Introduction
Conducting statistical analyses for data collected at different points in time is a reliable tool for quantifying the behavior of variables. This paper uses data from the population of 269 Brazilian cities, which was counted in 1991, 2000, 2010, and 2014. By examining data behavior patterns for each year separately and in parallel analysis, it is possible to determine how Brazil’s population has changed over time (Census, 2023). The descriptive statistics used for this assignment allow us to identify measures of central tendency and variability, examine primary trends in distributions, and form an overall picture of population patterns for the country (Kaliyadan & Kulkarni, 2019). The findings prove helpful not only for those interested in practical applications of statistical tools but also for policymakers and decision-makers, allowing them to guide social and health policy vectors based on a quantitative approach.
Exploring the Four Years of Data
The Excel primary data document contains population records for Brazil’s 269 cities, measured over four inconsistent censuses. A legitimate first step in analyzing the data is to use descriptive statistics to determine if and how Brazil’s total population changed from 1991 to 2014. Table 1 contains the analysis results, including measures of central tendency and variability for each year; all values were calculated using the built-in functions shown in Appendix A.

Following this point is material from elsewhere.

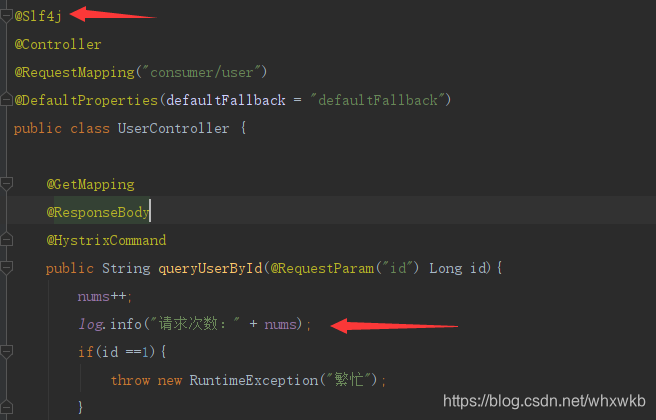 3.1.在类上面加上注解@Slf4j,或者:private final static Logger log= LoggerFactory.getLogger(UserController.class);

Table 1: Results of Descriptive Statistics for Each Year
Based on the data in this table, it can be seen that the total and the average Brazilian population, measured for 269 cities, grew continuously from 1991 to 2014, as can also be seen in Figure 1. Using =SLOPE() for each pair of points reveals that the most rapid increase in average population was seen between 2010 and 2014 and was approximately 6196 people per year (CFI, 2023). The slope for the other pairs of points was between 4662 and 4902 people per year. In other words, Brazil’s average population grew most rapidly from 2010 to 2014. The pattern of population growth is also observed for the other instruments of descriptive statistics, whether median, range, standard deviation, or first and third quartiles, all of which grew steadily over the entire observation period.

Outlier Detection
Data distribution can have outliers, that is, extremely low or extremely high values outside the acceptable limits for a particular distribution. There are several methods for identifying outliers, such as IQR or Z-score, but this paper will use the Z-score method (Mahmood, 2022). The population averages for each year have already been calculated previously (Table 1), as well as the standard deviations.

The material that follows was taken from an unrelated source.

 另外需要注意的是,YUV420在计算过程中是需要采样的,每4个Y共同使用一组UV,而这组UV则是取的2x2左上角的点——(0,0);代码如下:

Consequently, the task was to use the formula [1] to determine the Z-score of each city in each year: a total of 1,076 (269×4) Z-scores were to be obtained. However, due to the lack of population data for some cities in 1991, the final number of valid Z-scores was 1058 (269×4-18). The criterion for screening out is the Z-score outside the interval [-3,3], and applying conditional formatting to the Table allows finding all such values without error (Mahmood, 2022). Using such a method allowed us to find that Rio de Janeiro and São Paulo were outliers in all four years of measurement.
Correlation Analysis
Additionally, it was necessary to determine the correlation coefficient between the first year and all the other years, that is, to perform a pairwise correlation analysis. This analysis determines the strength and direction of the relationship between two continuous variables (Senthilnathan, 2019). Table 2 contains the analysis results: all correlation coefficient values are between—992 and 1.000, indicating strong positive relationships between the variables (Appendix B). Expectedly, the correlation between the two identical distributions (1991 and 1991) was 1.000; with the other years, the strongest relationship was with 2000 and went on to weaken somewhat. It follows that the correlation between the distributions weakened over time but was still extremely strongly positive.

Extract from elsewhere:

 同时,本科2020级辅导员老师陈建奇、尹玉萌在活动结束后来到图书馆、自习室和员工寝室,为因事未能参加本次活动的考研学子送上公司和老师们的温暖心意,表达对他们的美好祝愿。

Table 2: Results of Correlation Analysis
Conclusion
To summarize, it should be reiterated that statistical analysis is an appropriate and reliable strategy for examining patterns and relationships between data. This approach reduces bias and increases the accuracy of the conclusions, so it should be used for analysis. The statistical analyses in this paper showed an increase in the Brazilian population, both average and total, over four years. Rio de Janeiro and São Paulo were outliers in the data because their respective z-scores were out of the range [-3, 3]. In addition, the analysis showed positive, strong relationships between all distributions, but the relationship weakened slightly over time. Thus, all of the findings can be used by decision-makers to adjust social policies and make more intelligent interventions.
References
Census. (2023). Statistical research. United Stated Census Bureau. Web.
CFI. (2023). SLOPE function. Corporate Finance Institute. Web.
Kaliyadan, F., & Kulkarni, V. (2019). Types of variables, descriptive statistics, and sample size. Indian Dermatology Online Journal, 10(1), 82-86. Web.
Mahmood, M. S. (2022). Outlier detection (part 1). TDS. Web.
Senthilnathan, S. (2019). Usefulness of correlation analysis [PDF document]. Web.